◆ EXERCISE PROMPT ◆
Once the line containing "lowland coniferous plantations, fire" is reached, copy it and every line after it exactly, to the end of the material, without pictures.

◆ DATA SECTION ◆

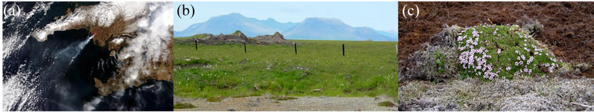
Figure 2. (a) The Myrar wildland fire on 30 March 2006 at 12:55 (image from NASA/MODIS), (b) Myrar 24 July 2006, and (c) edge of a moss fire in June 2007 (Photos: Throstur Thorsteinsson).

lowland coniferous plantations, fire damage can be significant (Szatmári et al., 2016). Human-induced fire, which is generally ignited unintentionally, is the major cause of wildland fires. Arson, for example, affects approximately 10 000 ha of grassland per year (Deak et al., 2014). Prescribed burning is scarcely applied due to legislative constraints, even though in grasslands it may present a feasible solution for several conservation challenges, for example, for increasing landscape-scale diversity, creating habitats for specialist species or for decreasing the amount of accumulated litter (Deak et al., 2014) and also for the protection of the endangered great bustard (Végvári et al., 2016).
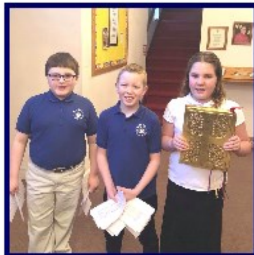
4th grade Mass

◆ OUTPUT FOR THIS EXERCISE ◆
lowland coniferous plantations, fire damage can be significant (Szatmári et al., 2016). Human-induced fire, which is generally ignited unintentionally, is the major cause of wildland fires. Arson, for example, affects approximately 10 000 ha of grassland per year (Deak et al., 2014). Prescribed burning is scarcely applied due to legislative constraints, even though in grasslands it may present a feasible solution for several conservation challenges, for example, for increasing landscape-scale diversity, creating habitats for specialist species or for decreasing the amount of accumulated litter (Deak et al., 2014) and also for the protection of the endangered great bustard (Végvári et al., 2016).
4th grade Mass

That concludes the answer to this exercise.